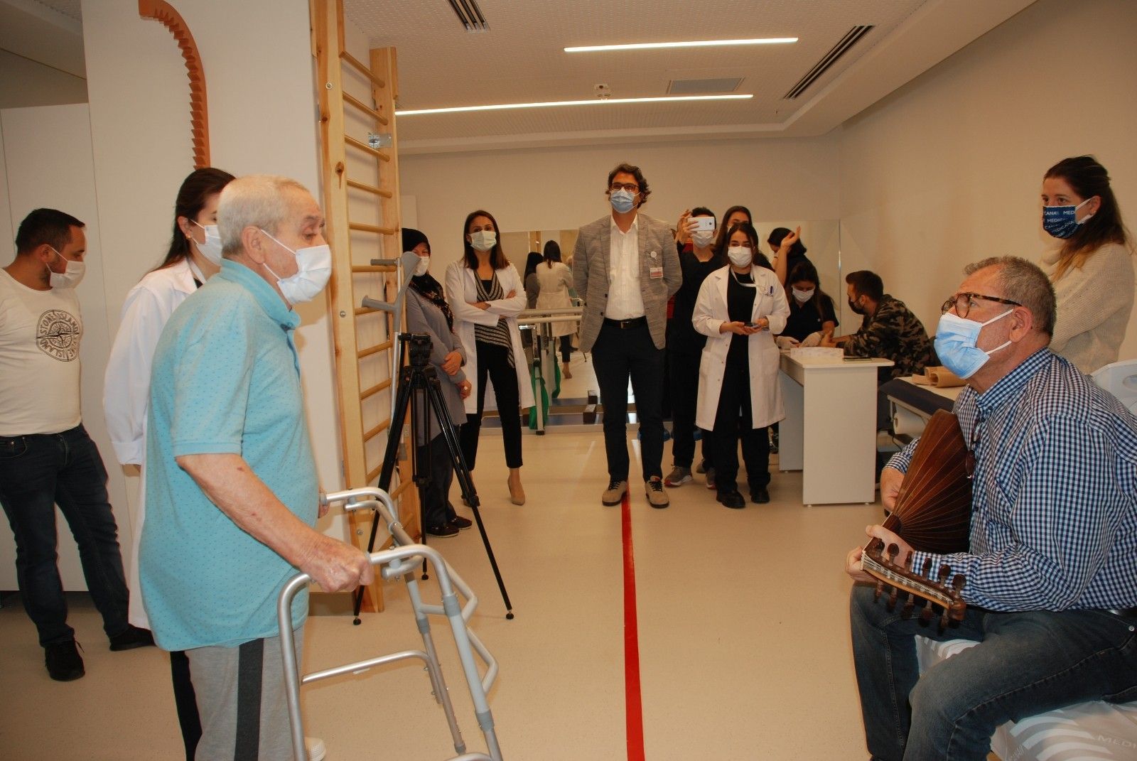 İzmir'de yaşayan emekli bankacı 75 yaşındaki Bekir Hacıoğlu, bacaklarda kuvvetsizlik ve yürüyememe şikayetiyle 2 ay önce özel hastaneye başvurdu. Yapılan tetkiklerde, Hacıoğlu'nun omurgasında enfeksiyon ve tüberküloza bağlı apse olduğu saptandı. İki zorlu cerrahi ameliyat geçiren Hacıoğlu, daha sonra fizik tedavi bölümüne yönlendirildi. Tedavi sürecinde motivasyonunu hiç düşürmeyen Hacıoğlu, tedavisini yapan hekim ve fizyoterapistlere de pozitif enerji verdi. Şarkı ve türküler söyleyerek ayağa kalkıp destekle de olsa yürümeye başlayan Hacıoğlu, sağlık durumundaki iyileşmeyi şarkı söyleyerek kutladı. Beyin Cerrahisi Uzmanı Prof. Dr. Mehmet Şenoğlu, Fizik Tedavi Uzmanı Doç. Dr. Aslı Çalışkan, Fizyoterapist Gizem Acar ve Hacıoğlu'nun eşi Münevver Hacıoğlu, Hacıoğlu'nun şarkılarına eşlik ederken, Fizik Tedavi Uzmanı Prof. Dr. Ömer Faruk Şendur da udunu konuşturdu.
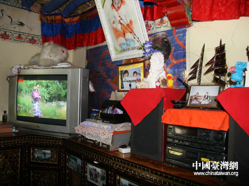家中擺著一家人去日喀則江孜旅游時在白居寺的合影,他的兒媳婦在一旁介紹,四年前家里包了一輛中巴,去江孜旅游。女婿還指指旁邊小一點的照片說:“這是去林芝拍的,我們還去內(nèi)地旅游,北京、上海都去過了。” 現(xiàn)在老人腿腳不好,不能經(jīng)常出去了,平時只能通過看電視了解外面的事,“老人喜歡看藏語電視,聽得懂,可以知道好多事,也很高興。”
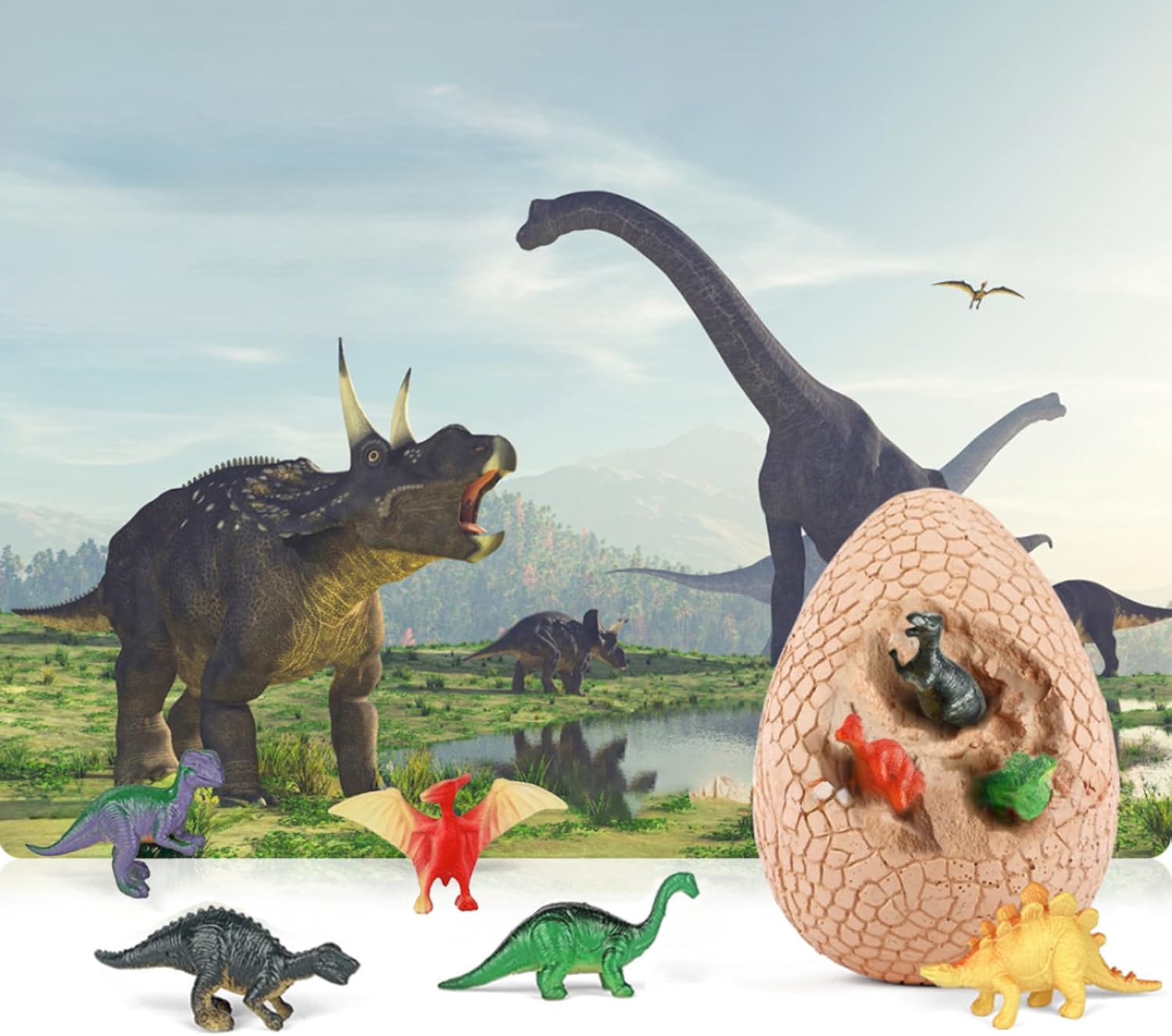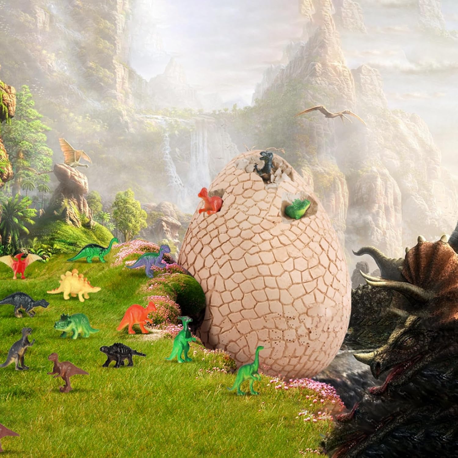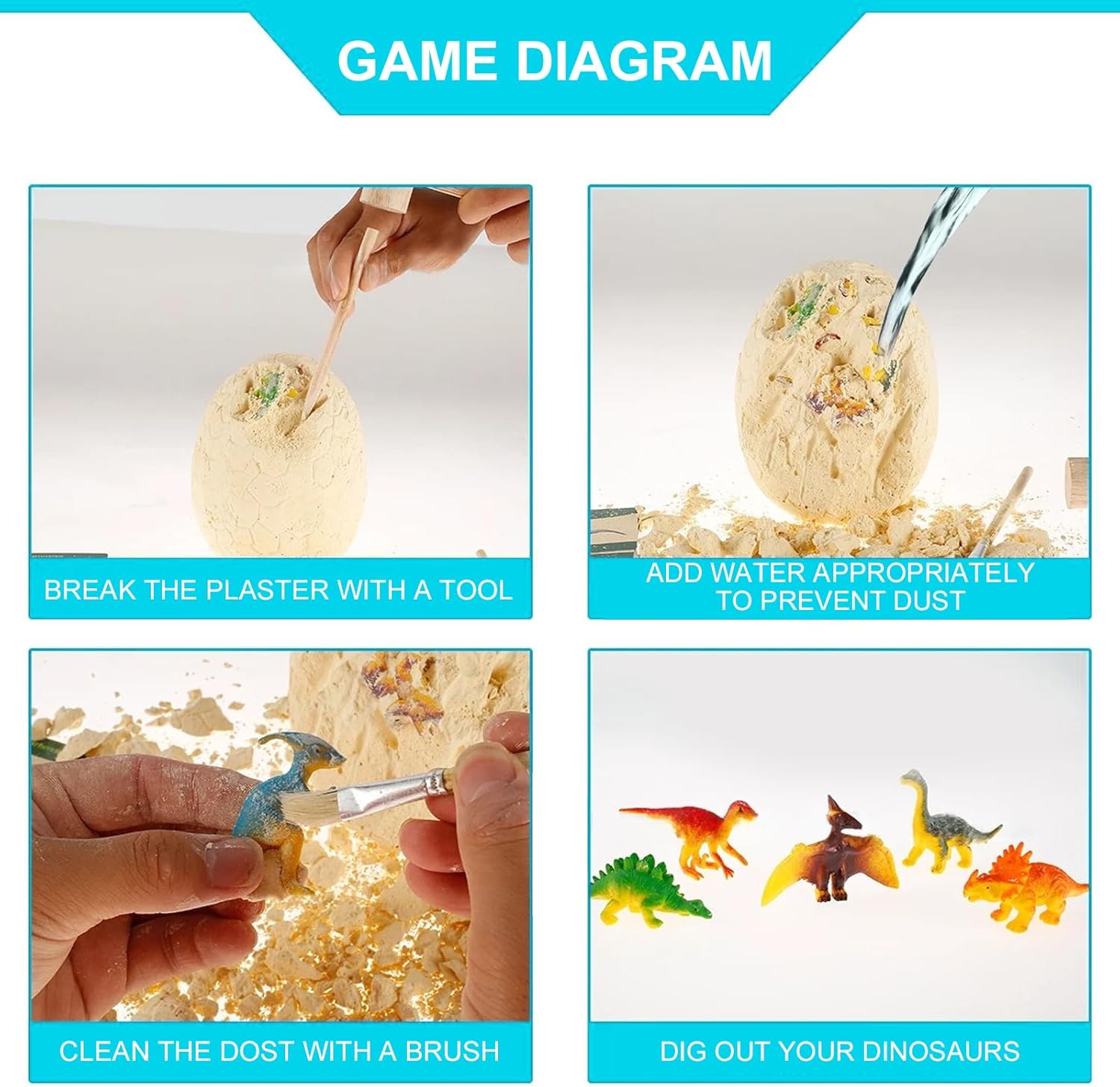 🦖 Mega Dino Egg Excavation Kit: Giant plaster egg with 12 premium dinosaur figures inside, Complete excavation toolkit: chisel, hammer & brush, T-Rex included! Plus other popular dinosaur species, Pro tip: Soak for 10 mins for easier digging

=======

--- Work instructions ---
Everything in the data must be printed verbatim except the pictures.

--- Answer section ---
 İzmir'de yaşayan emekli bankacı 75 yaşındaki Bekir Hacıoğlu, bacaklarda kuvvetsizlik ve yürüyememe şikayetiyle 2 ay önce özel hastaneye başvurdu. Yapılan tetkiklerde, Hacıoğlu'nun omurgasında enfeksiyon ve tüberküloza bağlı apse olduğu saptandı. İki zorlu cerrahi ameliyat geçiren Hacıoğlu, daha sonra fizik tedavi bölümüne yönlendirildi. Tedavi sürecinde motivasyonunu hiç düşürmeyen Hacıoğlu, tedavisini yapan hekim ve fizyoterapistlere de pozitif enerji verdi. Şarkı ve türküler söyleyerek ayağa kalkıp destekle de olsa yürümeye başlayan Hacıoğlu, sağlık durumundaki iyileşmeyi şarkı söyleyerek kutladı. Beyin Cerrahisi Uzmanı Prof. Dr. Mehmet Şenoğlu, Fizik Tedavi Uzmanı Doç. Dr. Aslı Çalışkan, Fizyoterapist Gizem Acar ve Hacıoğlu'nun eşi Münevver Hacıoğlu, Hacıoğlu'nun şarkılarına eşlik ederken, Fizik Tedavi Uzmanı Prof. Dr. Ömer Faruk Şendur da udunu konuşturdu.
家中擺著一家人去日喀則江孜旅游時在白居寺的合影,他的兒媳婦在一旁介紹,四年前家里包了一輛中巴,去江孜旅游。女婿還指指旁邊小一點的照片說:“這是去林芝拍的,我們還去內(nèi)地旅游,北京、上海都去過了。” 現(xiàn)在老人腿腳不好,不能經(jīng)常出去了,平時只能通過看電視了解外面的事,“老人喜歡看藏語電視,聽得懂,可以知道好多事,也很高興。”
 🦖 Mega Dino Egg Excavation Kit: Giant plaster egg with 12 premium dinosaur figures inside, Complete excavation toolkit: chisel, hammer & brush, T-Rex included! Plus other popular dinosaur species, Pro tip: Soak for 10 mins for easier digging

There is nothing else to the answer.